MADRID, Spain -- Hundreds of thousands of people marched through Madrid on Saturday in a show of strength by a fledgling radical leftist party, which hopes to emulate the success of Greece's Syriza party in the Spanish general election later this year.

Podemos supporters from across Spain converged around the Cibeles fountain Saturday before packing the avenue leading to Puerta del Sol square in what was the party's largest rally to date.

State broadcaster TVE said that hundreds of thousands were at the march, but no official attendance figures were provided.

Podemos ("We Can") aims to shatter the country's predominantly two-party system and the "March for Change" gathered crowds in the same place where sit-in protests against political and financial corruption laid the party's foundations in 2011.

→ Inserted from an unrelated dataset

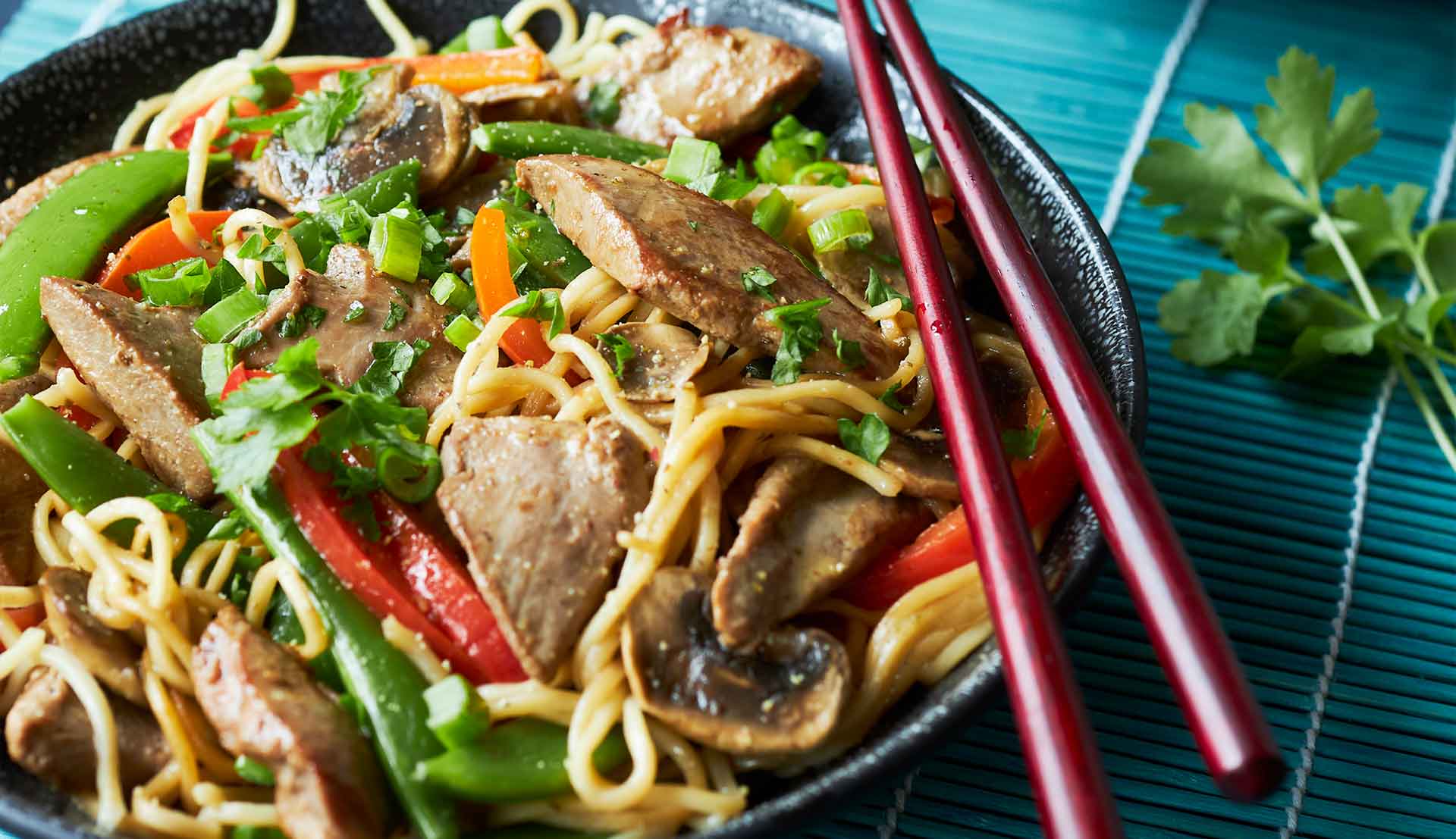 7. Faites de revenir les poids gourmands et le poivron dans le wok puis ajoutez les nouilles en remuant constamment.

The party's rise is greatly due to the charisma of its pony-tailed leader, Pablo Iglesias, a 36-year-old political science professor.

Hailing from the Madrid working class neighbourhood of Vallecas, Iglesias prefers jeans and rolled up shirt sleeves to a suit and tie and champions slogans such as Spain is "run by the butlers of the rich" and that the economy must serve the people.

"We want change," Iglesias told the crowd. "This is the year for change and we're going to win the elections."

Speaking at a meeting in Barcelona, Prime Minister Mariano Rajoy said he didn't accept the bleak picture of Spain that Podemos propagated.

"They're a sad bunch, who go around saying how badly things are going," he said, giving them no chance of winning the elections. "They're not going to do it."

Senior Podemos member Rita Maestre told The Associated Press that their aim was to show that the party is the instrument for change.

"We called the demonstration in the hope of lighting the torch (flame)."

In roughly a year, Podemos has leap-frogged from being the dream of a handful of university professors and activists to a political party.

Opinion polls show the party could possibly take the No.1 spot in upcoming elections and thus trigger one of the biggest political shake-ups in Spain since democracy was restored in 1978 after decades of dictatorship.

"The two-party framework has suffered a change. It now really does seem like a third political force can achieve government, so yes, I think it can have a great impact," said literature student Alicia Sanchez, 20.

This year, Spain holds elections in 15 of its 17 regions followed by general elections.

Podemos' first battle will be in the southern Socialist heartland of Andalusia in March, followed by regional and municipal elections in the crucial ruling Popular Party stronghold of Madrid in May.

"The political class has lost all credibility," said unemployed lathe worker Marcos Pineda, 54. "The PP that governs today had its former treasurer in jail for corruption and the banks were bailed out with 40 billion euros ($52 billion) of European money, but the government refused to call it a bailout."

Podemos has often expressed its support for some of the policies of left-wing governments in Venezuela, Bolivia and Ecuador, which makes many Spanish mainstream politicians bristle.

In Europe, it openly supports Syriza, which won national elections in Greece on Jan. 25 and which has pledged to challenge the austerity measures imposed on the country by the European Union and International Monetary Fund.

While there are major political and economic differences between Spain and Greece, both countries have suffered severe economic crises, massive unemployment and austerity measures while simultaneously having to put up with myriad political corruption scandals.

This combination has given rise to a nationwide anti-establishment movement that has boosted Podemos and Syriza immensely.